Newman is just that - arisen out of obscurity to a self-generated place of prosperity. Easy-going, forthright, warm, congenial, and open, he is a credit to his country. "You take things too coolly," says a European acquaintance. "It exasperates me. And then you are too happy. You have what must be the most agreeable thing in the world, the consciousness of having bought your pleasure beforehand and paid for it." Indeed, he feels, as Americans are wont to do, that most anything can be bought, and in America this is at least true of position. One's origins have little bearing on one's place in society; hard work is virtuous, something to be commended.
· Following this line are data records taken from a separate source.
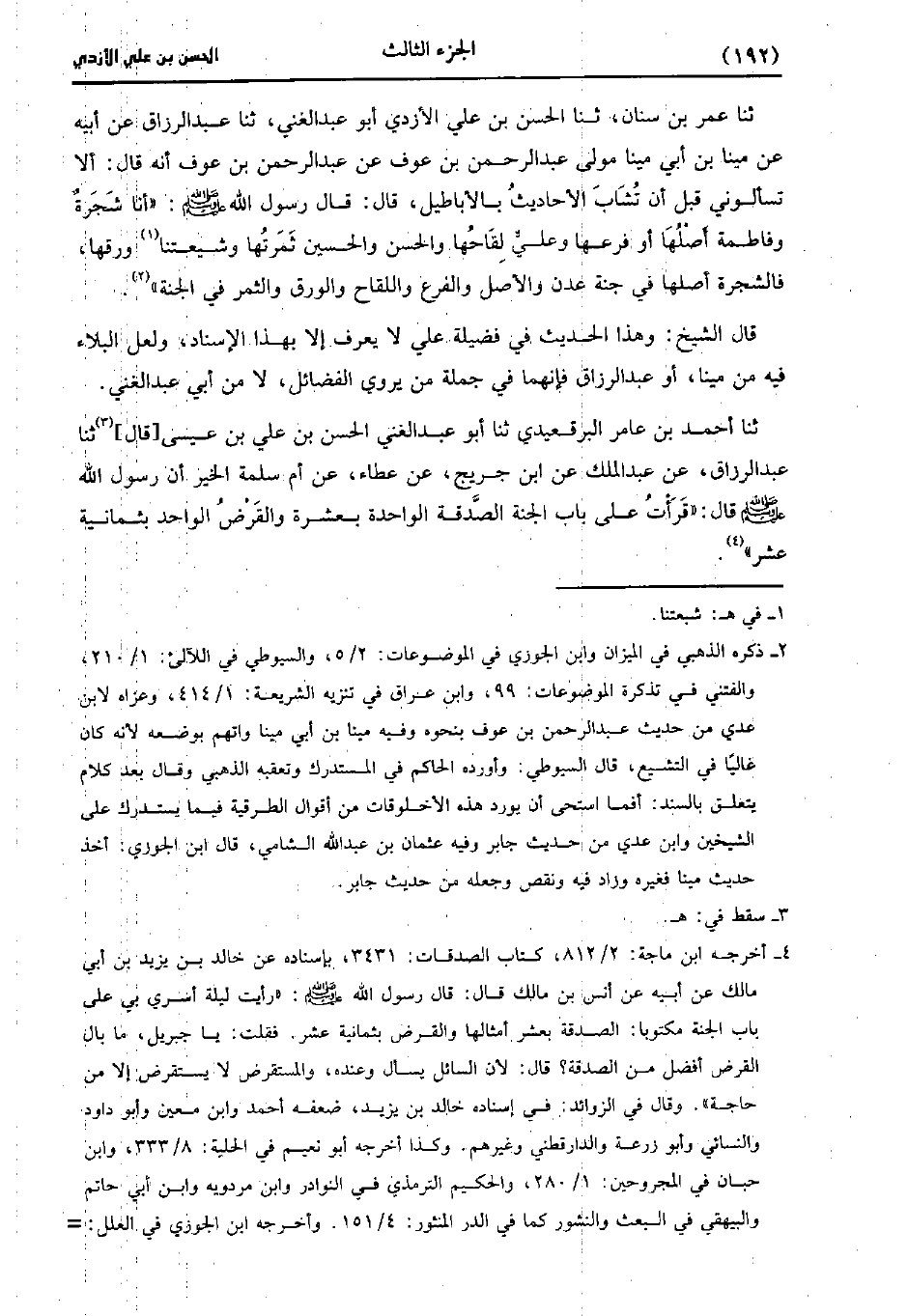 قَالَ الشَّيْخُ: وَهَذَا الْحَدِيثُ فِي فَضِيلَةِ عَلِيٍّ لا يعرف إلا بهذا الإسناد وَلَعَلَّ الْبَلاءَ فِيهِ مِنْ مِينَا أَوْ عَبد الرَّزَّاق فَإِنَّهُمَا فِي جُمْلَةِ مَنْ يَرْوِي الْفَضَائِلِ لا من أبي عَبد الغني، حَدَّثَنا أَحْمَدُ بْنُ عَامِرٍ الْبَرْقَعِيدِيُّ، حَدَّثَنا أَبُو عَبد الْغَنِيِّ الْحَسَنُ بْنُ علي بن عيسى، قَال: حَدَّثَنا عَبد الرَّزَّاق عَنْ عَبد الْمَلِكِ، عنِ ابْنِ جُرَيج، عَن عَطاء، عَن أُمِّ سَلَمَةَ الْخَيْرِ، أَن رسُول اللَّهِ صَلَّى اللَّهُ عَلَيه وسَلَّم قَال: قَرَأْتُ عَلَى بَابِ الْجَنَّةِ الصَّدَقَةُ الْوَاحِدَةُ بِعَشْرَةٍ وَالْقَرْضُ الواحد بثمانية عشر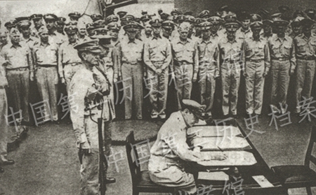General of the Army Douglas MacArthur signed the instrument of surrender on Sept.2, 1945. (Photo/Second Historical Archives of China)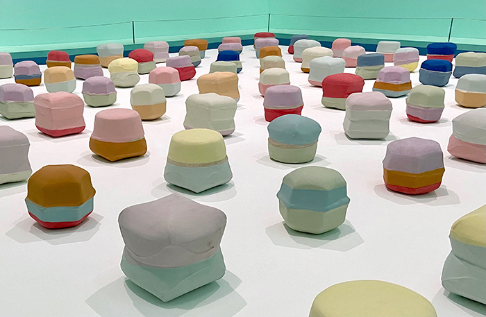 庄辉用3D打印技术重塑“小河美女”的睡颜,借助当代科技实现了对西域往事的浪漫想象。杨茂源曾跟随考古队前往楼兰,多年来一直在进行关于新疆的艺术创作。此次展出的作品以维族花帽为灵感,试图剔除被赋予在形体之上的关于历史、文明、族群和时间的记忆。

But Newman's would-be in-laws take quite the opposite view, living on little else but the glory of their ancient lineage. They shun Newman for his industry while inhabiting a moldering house emblematic of their waning finances. They find Newman's proposal audaciously incomprehensible; Newman is just as incapable of understanding their indignation. "[H]is sense of human equality was not an aggressive taste or an aesthetic theory, but something as natural and organic as a physical appetite which had never been put on a scanty allowance." That his antecedents have any importance to them baffles him.
As Newman later finds, high birth is certainly no indication of high morals. He behaves honorably throughout the degrading ordeal to which his fiancée’s relatives subject him, and he emerges blameless and unscathed. Unfortunately, he also comes out without a wife. Madame de Cintré commits herself to a nunnery to escape the contrivances of her family.
It is too bad that Newman is treated so terribly, for he is a decent protagonist, pleasantly sociable, confident and uninhibited. "He himself was almost never bored, and there was no man with whom it would have been a greater mistake to suppose that silence meant displeasure." He views the Continent with "a placid, fathomless sense of diversion." That world, however, does not look as kindly on him.